■ TASK STATEMENT ■
Find the line that contains "STERLING SILVER AND" in the entries below. Restate it and every line after it, word for word, with no pictures.

■ RECORDS SUPPLIED ■

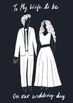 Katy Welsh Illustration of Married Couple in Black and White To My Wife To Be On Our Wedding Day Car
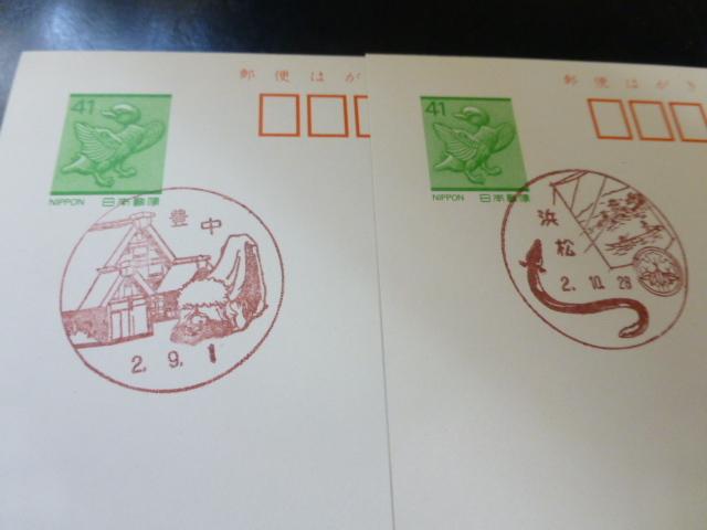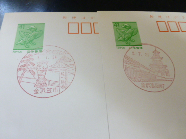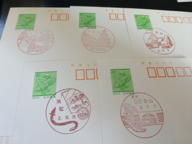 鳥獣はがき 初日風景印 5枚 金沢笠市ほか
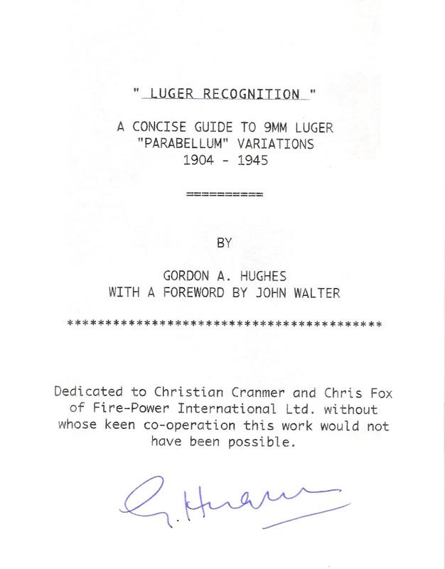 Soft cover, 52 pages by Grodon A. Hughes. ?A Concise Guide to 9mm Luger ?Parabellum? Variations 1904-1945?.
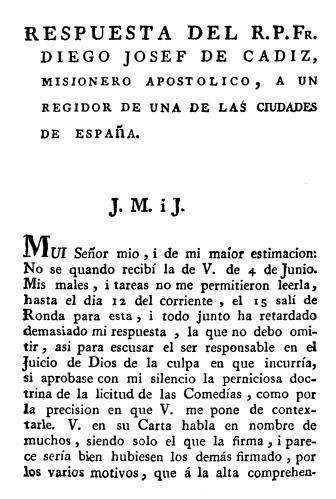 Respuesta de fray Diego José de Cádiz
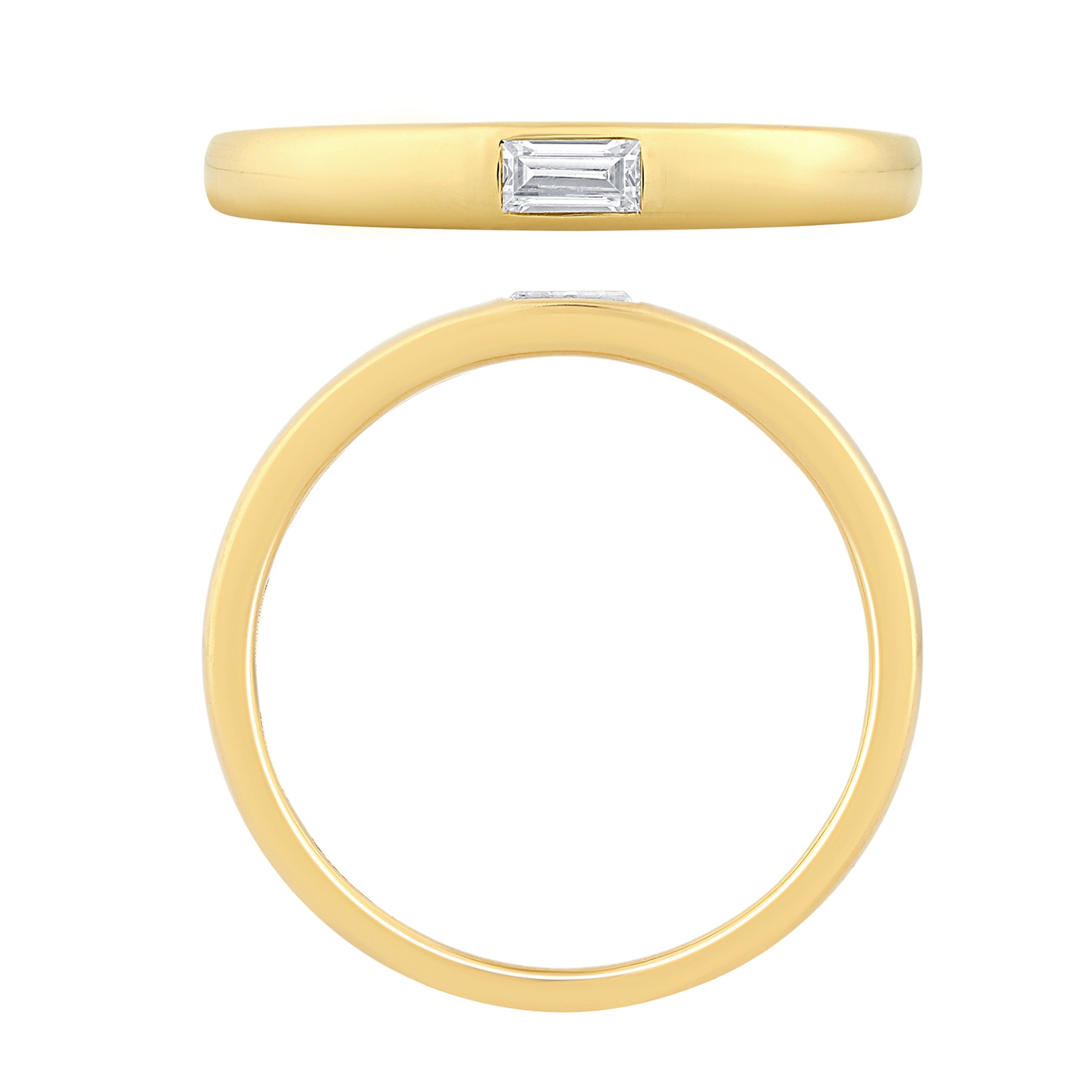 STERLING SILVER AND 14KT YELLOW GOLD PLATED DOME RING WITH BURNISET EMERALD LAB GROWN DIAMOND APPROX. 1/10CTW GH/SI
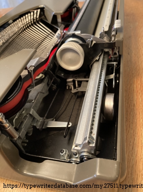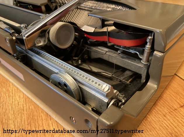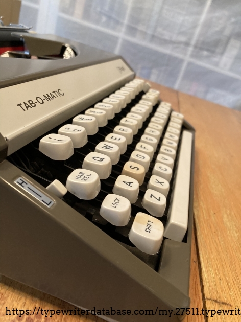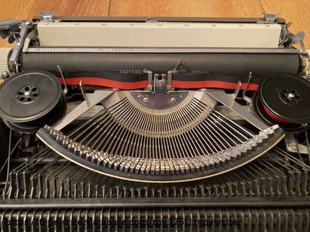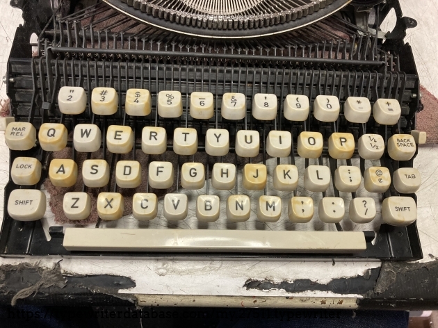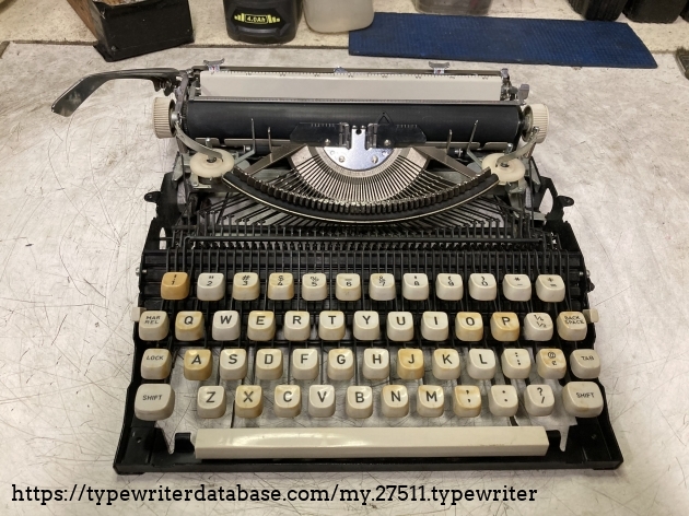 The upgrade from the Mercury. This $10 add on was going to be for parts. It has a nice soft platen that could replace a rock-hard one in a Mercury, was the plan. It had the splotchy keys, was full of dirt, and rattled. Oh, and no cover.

■ RESPONSE TO THE TASK ■
 STERLING SILVER AND 14KT YELLOW GOLD PLATED DOME RING WITH BURNISET EMERALD LAB GROWN DIAMOND APPROX. 1/10CTW GH/SI
 The upgrade from the Mercury. This $10 add on was going to be for parts. It has a nice soft platen that could replace a rock-hard one in a Mercury, was the plan. It had the splotchy keys, was full of dirt, and rattled. Oh, and no cover.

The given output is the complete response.